In the simplest possible system it can be achieved in a polled loop with a round-robin scheme, but it is difficult to ensure fairness if no form of time-slice allocation is created.

 

 

tasks

 

 

 

 

 

 


         time

                                                                                                          

The switching from task to task happens either through completion or until the time slice expires. Without interrupts it is not possible to ensure fairness in the scheduling.

 

Normally multitasking is achieved with interrupts. A main program runs on the background and one (or more) ISR(s) run in the foreground. With interrupts one can have a preemptive priority system – a higher priority task is said to preempt a lower priority task in a scheme represented as follows

 

priority

 

 

 

 

 

 


         time

                                                                                                                                  

 

 

 

 


Rate monotonic systems are those in which priorities are assigned so that the higher the execution frequency the higher the priority. The rate monotonic scheme is the optimal arrangement of priorities for a fixed priority system.

 

 

Three safety issues on priorities or priority recursion problems in multitasking environments:

 

Issue 1: Frequency versus criticality. Discuss.

 

Issue 2: A lower priority routine may hold a resource (e.g. using a semaphore) that a higher priority routine needs. This is said to be the reason why one of the Mars pathfinders was lost: A low priority task held a serial communications port (the only such resource) and was interrupted by a higher priority task, but could not pre-empt because it was holding a resource…

 

Issue 3: on object oriented systems.

Object-oriented languages support:

·        Abstraction data types

·        Inheritance

·        Polymorphism

And due to attribute inheritance a class may inherit priorities that are in conflict with its intent. The solution suggested by Laplante (1997) is a careful assignment of attributes. Actually that author questions the applicability of o-o languages for implementation of RT systems.

 

 


Real-time systems based on interrupts:

 

Example 1 - echoint.asm

 

*****************************************************************

*       ECHOINT.ASM Program                                     *

*               Reads A/D and then echoes to D/A                *

*****************************************************************

;

; To run on the DSK modules with the TMS320C50 DSP chip

; F.S. Schlindwein, April 1995 - April 1998

;

; Declare memory mapped registers and program block address

        .mmregs              ;include memory mapped regs

;

; Define values to be programmed into AIC registers:

;---------------------------------------------------------------

;

; Fs=MCLK/(2*RA*RB)          ; sampling frequency

; Flp=MCLK/(80*RA)            ; low pass filter (antialiasing)

;

; 5 < RA < 32   ; RA is 5 bits (and the filter behaves funny if RA<6)

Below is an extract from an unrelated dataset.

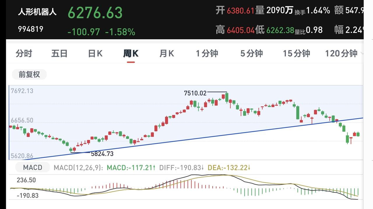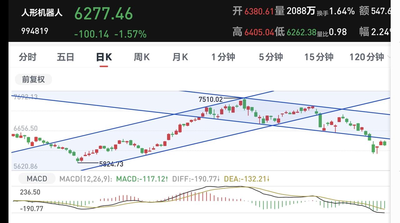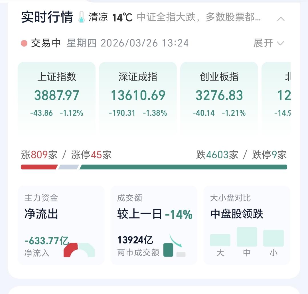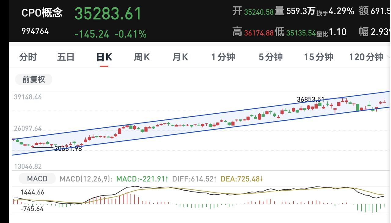 基金:市场震荡向下,但没有必要慌乱 市场下午开盘以后震荡向下,三大指数的下跌幅度都已超过了1%以上,创业板指下跌了1.17%,盘中点位3278点,上证指数下跌了1.09%,盘中点位3888点。 整个股票市场,上涨809家,下跌4603家,涨停45家,跌停9家,上涨家数少于下跌家数。 持有的基金中,盘中估值盈利的只有新能源汽车板块和海外互联网板块,估值亏损金额最大的三个板块是:证券板块,芯片半导体板块,5G板块,估值整体亏损了9444元。 整个基金市场,上涨5535家,下跌14118家,没有上涨幅度超过5%的基金,也没有下跌幅度超过5%的基金。 图9是今天板块的上涨排行榜,上涨幅度最大的三个板块是:锂矿板块,海外医药板块,亚太板块,图10是今天板块的下跌排行榜,下跌幅度最大的三个板块是:金融科技板块,存储芯片板块,恒生科技板块,图11是今天基金的加仓和减仓人数,加仓4147130人,减仓2241603人,加仓人数超过了减仓人数。 整个市场主力资金净流入最多的三个板块是:电池板块,能源金属板块,建筑材料板块,主力资金净流出最多的三个板块是:国企板块,高端制造板块,蓝筹策略板块。 1:下午黄色线还是在蓝色线下方,两条线之间的敞口并不是很大,还存在反转的可能性。 2:两市累计成交13924亿,相比于昨天同期缩量了14%,主力资金净流出633亿,说明在刚才这一轮震荡向下的过程中,并没有大量恐慌盘涌出。 3:下午主要还是观察3881点的得失,如果跌破3881点,甚至是收盘点位在3881点之下,再创新低就是大概率事情,如果还是收在3881点和3955点之间,就还是处于正常的震荡走势状态中。 4:商业航天板块日线级别处于下跌趋势中,前几天下跌跌破了下跌通道的下轨线,进入加速下跌状态。最近一直是在下跌通道下方震荡,日线级别的下跌趋势还没有被改变。 商业航天板块周线级别处于上涨通道中,本周震荡的最低点就是在这个上涨通道下轨线上,并没有跌破这个上涨通道的下轨线,在没有有效破位这个上涨通道下轨线之前,长线持有的人都可以继续持有。 5:Cpo板块日线级别处于上涨通道中,今天的下跌并没有跌破这个上涨通道的下轨线,在有效破位日线级别上涨通道下轨线之前,短线持有的人都可以继续持有。 Cpo板块周线级别处于上涨通道中,现在的位置距离上涨通道的下轨线比较远,小幅度的下跌都改变不了周线级别的上涨趋势,长线持有的人可以继续持有。 6:机器人板块日线级别处于下跌趋势中,前几天下跌跌破了日线级别下跌通道的下轨线,进入了加速下跌走势。最近几个交易日都是在这个下跌通道下方震荡,在日线级别下跌趋势被改变之前,短线持有的人都需要保持谨慎的态度。 机器人板块周线级别的上涨趋势已经被破坏,而且是有效破位了,周线级别的上涨趋势,长线持有的人需要注意风险。 到现在为止还是没有跌破3881点,到现在为止的震荡还是在正常的范围之内,只要不跌破3881点的震荡都不要惊慌,继续观察盘面的状态,有观点以后我会第一时间分享。 今天究竟应该怎么办?我会在评论区留言。 置顶文章是我参加活动的,大家可以点进去看一下有没有点赞,没有点赞的人帮忙点一下赞,谢谢大家的支持。

; 1 < RB < 64  ; RB is 6 bits

;

AIC_CTR  .word     8h       ; for use without BP filter

;AIC_CTR  .word     9h       ; for use with BP filter

TA       .word     6        ;       Auxin -----+  +----- Loopback

RA       .word     6        ;       Synch --+  |  |  +-- BP Filter

TAp      .word     1        ;               |  |  |  |

RAp      .word     1        ;+------------+------------+

TB       .word     18       ;|00 00 G1 G0 | SY AX LB BP|

RB       .word     18       ;+------------+------------+

AIC_CMD  .word     080h     ;       |  |

;                                   +--+---> GAIN = G1,G0

*

****************************************************************

*   Set up the ISR vectors                                     *

****************************************************************

       .ps     0080ah

       B       RINT         ; Set receive interrupt vector RINT, and

       B       XINT         ; Serial port transmit interrupt XINT.

*

        .ps     00a00h

        .entry              ; initial PC address

INIT

        setc    INTM        ; globally disable interrupts

        LDP     #0          ; initilise data page to ZERO

        setc    SXM         ; set sign extension mode

        setc    OVM          ; set overflow saturation mode

;---------------------------------------------------------------

        LDP     DXR         ; Load data page for DXR (zero)

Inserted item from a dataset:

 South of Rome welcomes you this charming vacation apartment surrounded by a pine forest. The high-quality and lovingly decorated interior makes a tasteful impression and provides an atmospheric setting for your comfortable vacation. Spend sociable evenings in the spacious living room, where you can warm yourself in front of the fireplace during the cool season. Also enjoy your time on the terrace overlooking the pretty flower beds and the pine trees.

        LAMM    IMR         ; load interrupt mask register

        OR      #30h        ; Turn on receive and transmit interrupts

        SAMM    IMR         ; store into interrupt mask register

        CLRC    INTM        ; globally enable interrupts

*

        call    AICINIT      ; Initialise TLC320C40 AIC chip

*

LOOP:  

        nop                  ; LOOP doing nothing.

        nop                  ; all runs in the ISR (RINT)

        B       LOOP

*

RINT:                             

        PUSH                ; push accumulator onto stack

        LAMM    DRR          ; Load Acc with Data Rx Register

                            ; (i.e. read A/D)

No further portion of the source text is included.